– Ты чего такой злобный?
Если бы Иван был лет на десять старше (и, стало быть, в несколько раз умнее), он бы не стал задавать такого вопроса, потому что понимал бы: перед ним человек, который таскает с собой свой ад, и хотя кому-то может показаться, что такое бремя причиняет Берзину мучения, на самом деле ему нравится заражать адом все вокруг. Но Опалин имел глупость разразиться целой тирадой о том, что нельзя упрекать людей за то, какие у них родственники, потому что…
– Ты знаешь, как умер отец Свешникова? – перебил его Каспар.
Иван напряг память. Кто-то при нем упоминал о том, что старый сторож усадьбы умер, но он не выяснял, как именно это произошло.
– Его расстреляли за спекуляции, – сказал Берзин. Опалин таращился на него, не понимая – и внезапно догадался.
– Уж не твоя ли мать приказала его расстрелять?
Каспар дернул головой так, словно ему жал шею воротник.
– Теперь ты понимаешь, почему он отрубил ей голову, – проговорил Берзин сквозь зубы. – Ну а теперь попробуй сказать мне, что родственники не важны!

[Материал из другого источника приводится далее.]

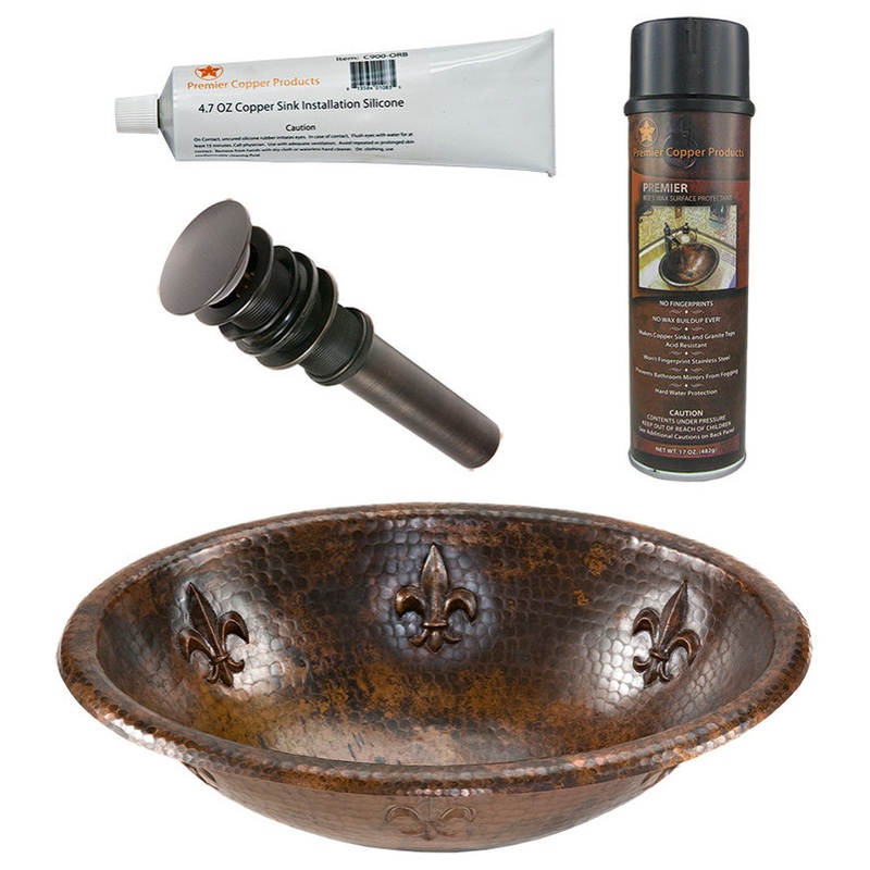 -19″ Oval Fleur De Lis Self Rimming Hammered Copper Sink (LO19RFLDB)
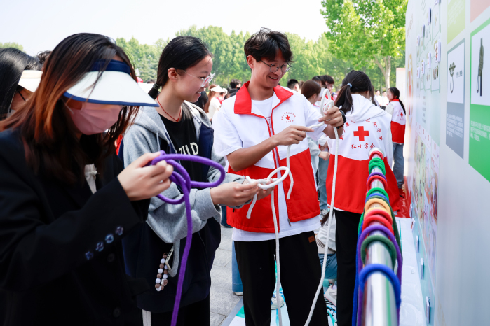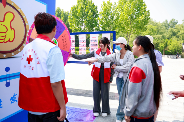 随后,活动嘉宾与师生沉浸式参观、体验了“人道精神 生生不息”主题展在讲解员的带领下,与会人员依次了解了红十字运动起源、中国红十字会发展历程、三救三献知识科普、三全学院红十字会开展情况,分享发生在身边有温度、有情怀、有力量的红十字故事。在互动环节,校红十字会志愿者通过现场演示向师生传授了心肺复苏、海姆立克急救法等基本急救技能。德馨书院学生将心肺复苏操作要领融入舞蹈,为到场观众演绎了一场自编自导、生动有趣的急救操表演。表演结束后,现场师生踊跃参加进行演练,志愿者们耐心细致地分解动作,讲解要领,用他们的爱心、耐心手把手地传授给师生们心肺复苏和海姆立克急救技术。签名留言、看图猜字、趣味结绳和爱心转盘等游戏互动的形式,也吸引师生驻足观看和体验,在活动参与中进一步感受红十字精神。

В его тоне звенела такая ненависть, что Опалин не нашелся что ответить. Он предпочел уйти к себе и заняться составлением отчета о поездке в Дроздово. Отчет этот, впрочем, был заколдован точно так же, как усадьба, потому что упорно не желал продвигаться дальше первой фразы.
«…прибыв в б. усадьбу Дроздово, помощник агента угрозыска Иван Опалин обнаружил…»

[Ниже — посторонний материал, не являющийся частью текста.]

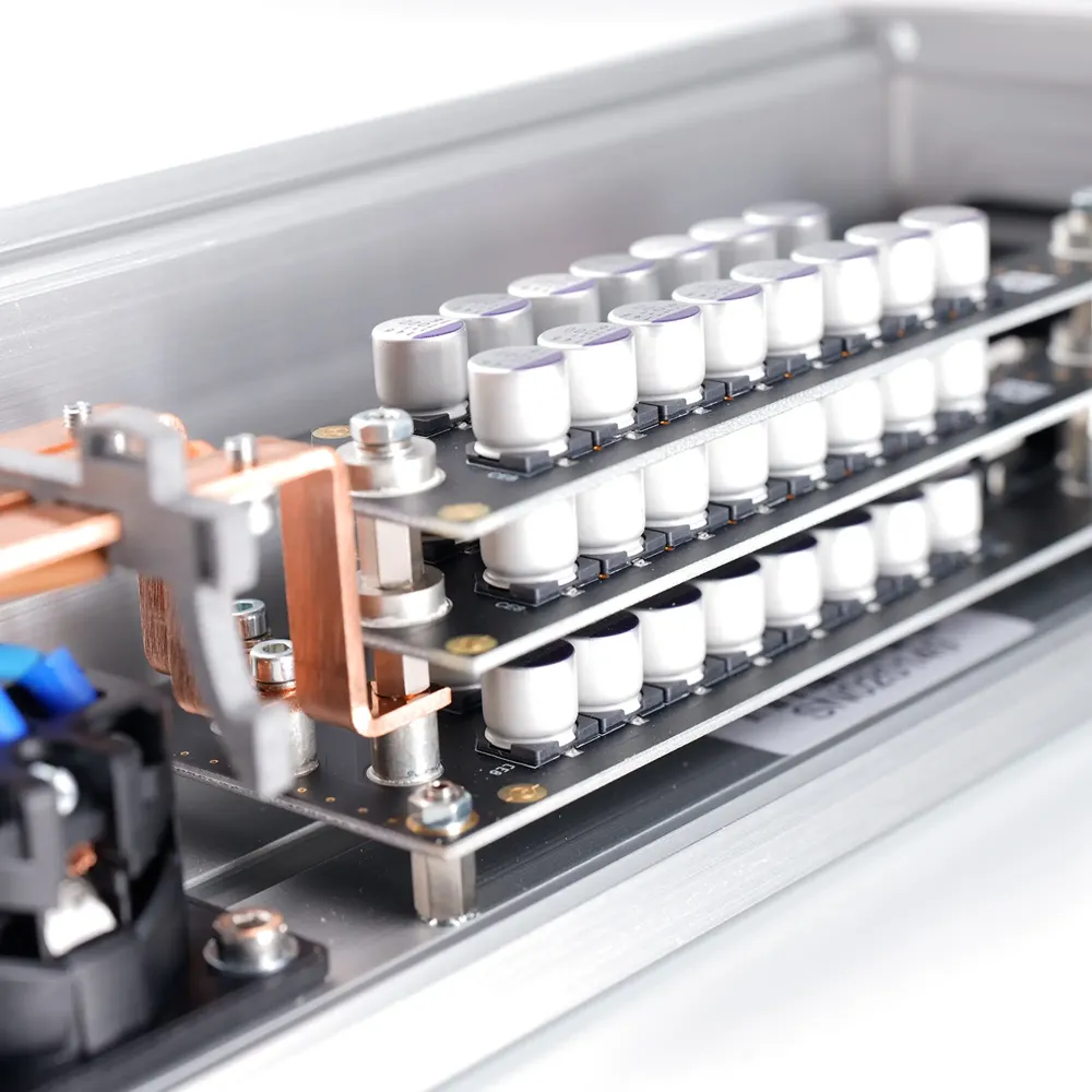 The AC-3200 was fully developed in-house – from the initial concept through prototypes to the finished product. It is manufactured in our own workshop. Inside, massive copper busbars and high-quality sockets ensure stable conductivity and reliable power distribution. The brushed aluminum housing protects the technology and represents durable quality. An integrated surge protector provides additional safety for your hi-fi components.
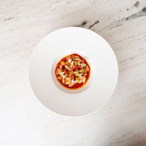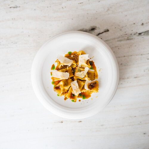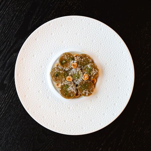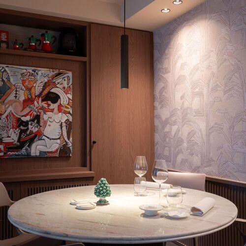 A charming little Italian restaurant run by a chef who hails from Lorraine but has Sicilian roots, and his Milanese partner. By no means fixated on the classic repertoire, the restaurant serves a tasting menu entitled "Scoperta della Pasta", which showcases their house-made pasta. Much care goes into dishes that incorporate top-notch, at times premium ingredients, many imported from Italy: fusilli with Brescia caviar, barba di frate and Piedmont hazelnuts; monkfish tail ravioli with hollandaise sauce; tortellini di Bologna stuffed with mortadella and Parma ham, topped with a Parmesan emulsion. With its pared-back decor, just a handful of tables, dark parquet flooring, white walls and colourful Abstract paintings, the interior is both contemporary and intimate. Excellent selection of local wines.

Что обнаружил-то? Нервничающих людей? Летающий телескоп? Собственную профнепригодность?
Дело осложнялось еще и тем, что Опалин в принципе ненавидел бумажную работу. «Вот, допустим, Карп Логинов… – вспомнил он одного из коллег. – Почерк отличный, излагает всегда по существу, начальство на его отчеты не нарадуется. Эх! Секрет он, что ли, знает какой-то…»

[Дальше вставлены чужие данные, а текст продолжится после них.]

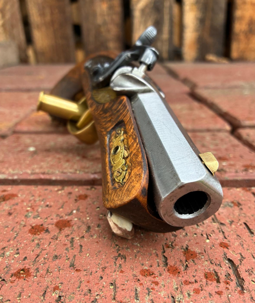 Zur Auktion kommt "kein schöner Derringer" von Ardesa im cal.45 . Staatlicher Beschuß vorhanden . Am Derringer wurde am Schaftholz gefräst , das Schloss wurde wohl lackiert und es wurden Hirschhornteile an der Kappe und vorne verarbeitet . Trockenfunktion gegeben , Lauf ist in Ordnung . Rest siehe Bilder .
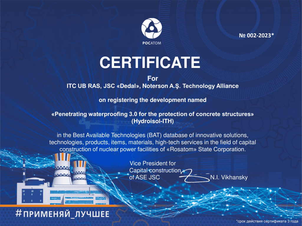 Rasatom Hydroisol Nükleer Santral Sertifikası
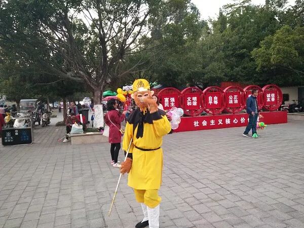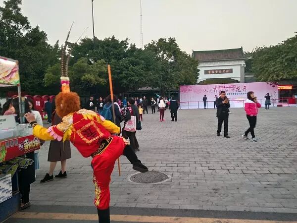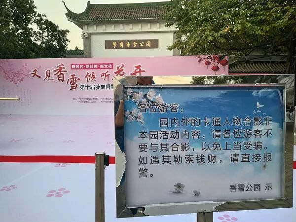 大门口也有关于和卡通人物合影的提示,附近仍有不少孙悟空造型的人物招呼游人拍照,大家就小心点了。
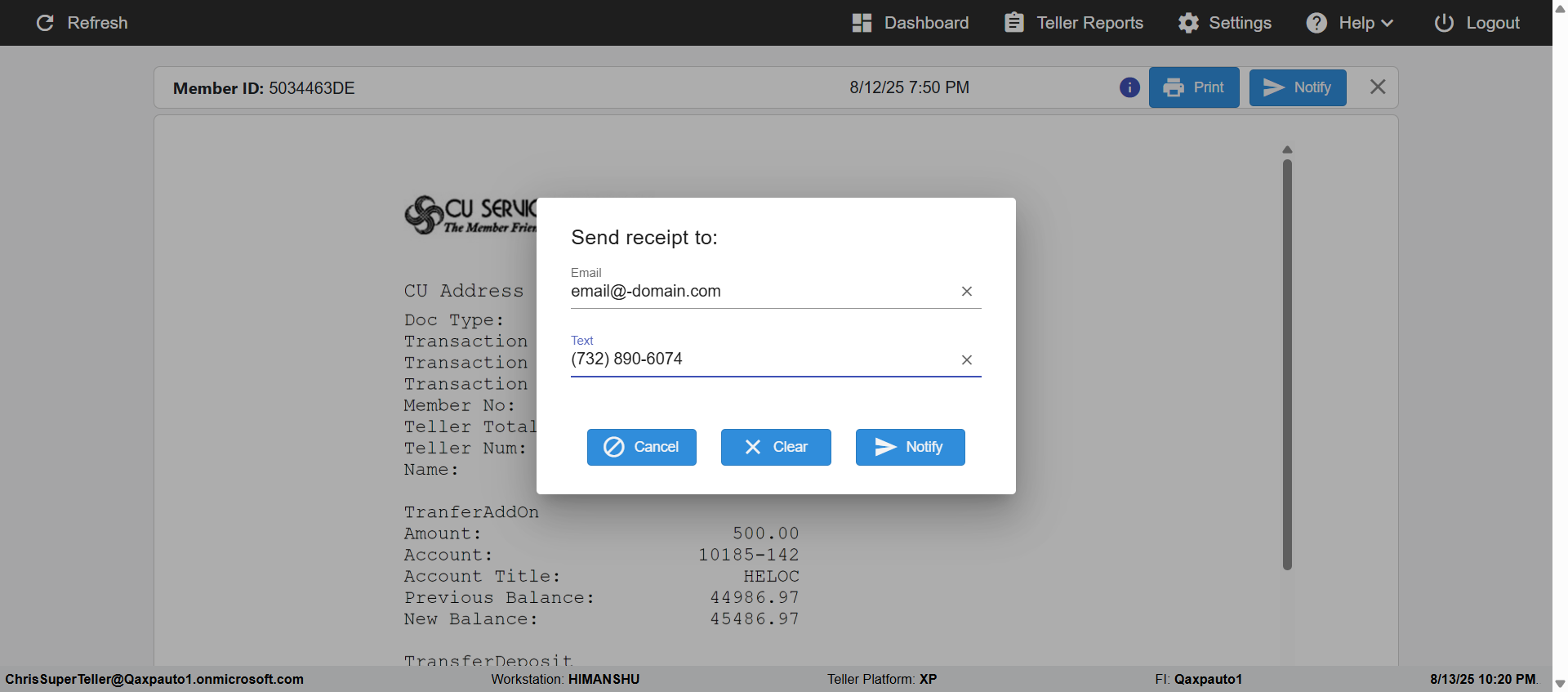 | 08:30:27 pm | Successfully navigated to 'eReceipts Teller' Page | |
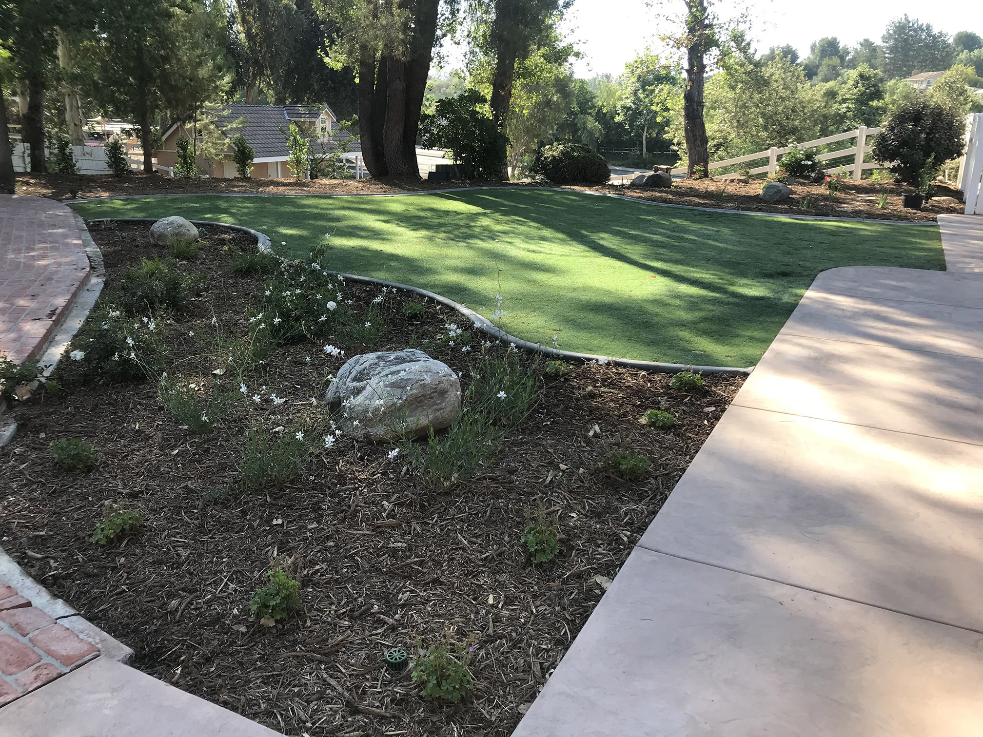 Sod is still one of the fastest ways to add green to a landscape. At McCabe’s Landscape, we offer an all-season grass called Fescue. To save on water, we can install an underground drip irrigation system. Adding a concrete border (mow curb) is a great way to keep a clean, green look without worrying about the grass spreading into planted spaces (or neighbors’ yards).
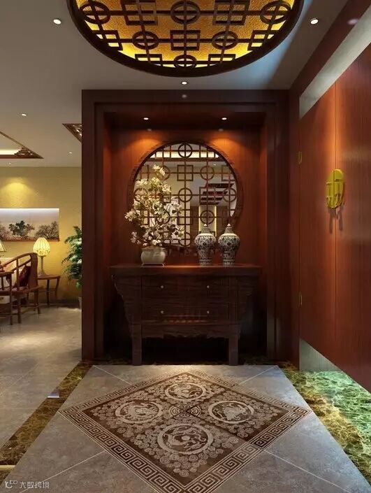 ▲圆形镂空玄关,似隔非隔,古朴雅致。

Он сидел за полночь, извел пять листов бумаги и так и не написал ничего путного. Проснулся Опалин поздно. Воды в рукомойнике не оказалось, и он отправился умываться к озеру. В саду Ян драил машину. Патефон он поставил на подоконник одной из комнат, и из-под иглы лился хрипловатый джаз. На сверкающей трубе патефона играли солнечные блики.
– Завтракать будем? – спросил Опалин.
– Уже, – лаконично ответил Ян.
– В смысле?
Выяснилось, что завтрак Иван проспал, а Берзин велел его не будить. Данное обстоятельство ничуть не улучшило настроения Опалина. На кухне он нашел немного хлеба и остатки сыра, но на полноценный прием пищи это не тянуло. Заметив издалека Кирюху, Иван направился к нему. Тот бродил возле сторожки, не решаясь зайти.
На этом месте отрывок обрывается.